DJANGODIR="/var/www/html/myDjango"
NUM_WORKERS=3
echo "Starting myDjango -- Django Application"
cd $DJANGODIR
exec gunicorn -w $NUM_WORKERS $NAME.wsgi:application --bind 127.0.0.1:8001
mydjango_django.conf : Remember to install supervisord on your OS. and
Copy this on the configuration folder.
[program:myDjango]
command=/var/www/html/myDjango/gunicorn_start.sh
user=root
autorestart=true
redirect_sderr=true
Later on use the command:
Reload the daemon’s configuration files, without add/remove (no restarts)
supervisordctl reread
Restart all processes Note: restart does not reread config files. For that, see reread and update.
supervisordctl start all
Get all process status info.
supervisordctl status
This sounds like a timeout issue.
You have multiple timeouts going on and they all need to be in a descending order. It seems they may not be.
For example:
Nginx has a default timeout of 60 seconds
Gunicorn has a default timeout of 30 seconds
Django has a default timeout of 300 seconds
Postgres default timeout is complicated but let's pose 60 seconds for this example.
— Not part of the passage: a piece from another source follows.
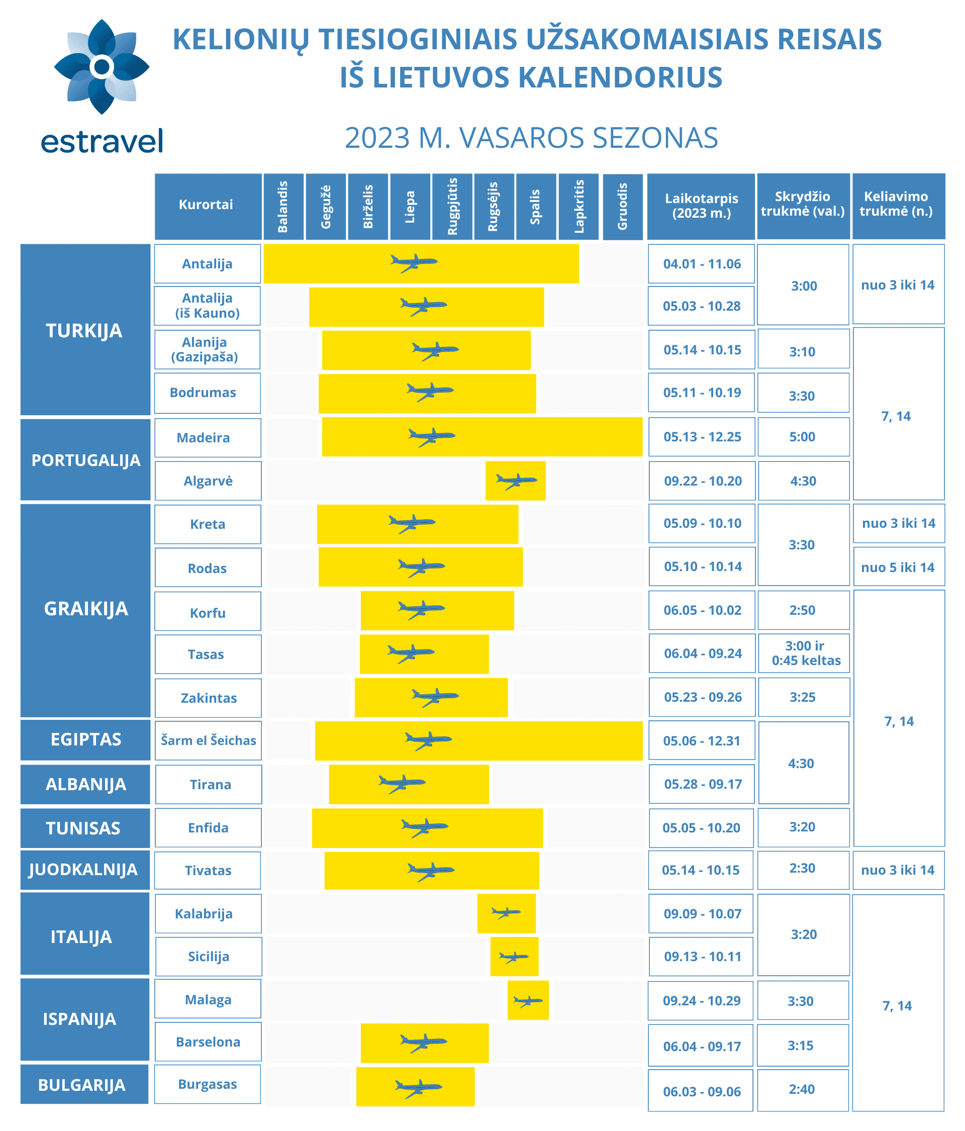 Tiems, kurie mėgsta keliones planuoti tiesioginiais užsakomaisiais skrydžiais, parengėme atskirą kelionių kalendorių*. Estravel kelionių kalendorius padės lengvai susiorientuoti ir rasti atsakymus kur keliauti nuo gegužės iki pat lapkričio mėn.

In this example, when 30 seconds has passed and Django is still waiting for Postgres to respond. Gunicorn tells Django to stop, which in turn should tell Postgres to stop. Gunicorn will wait a certain amount of time for this to happen before it kills django, leaving the postgres process as an orphan query. The user will re-initiate their query and this time the query will take longer because the old one is still running.
I see that you have set your Gunicorn tiemeout to 300 seconds.
This would probably mean that Nginx tells Gunicorn to stop after 60 seconds, Gunicorn may wait for Django who waits for Postgres or any other underlying processes, and when Nginx gets tired of waiting, it kills Gunicorn, leaving Django hanging.
This is still just a theory, but it is a very common problem and hopefully leads you and any others experiencing similar problems, to the right place.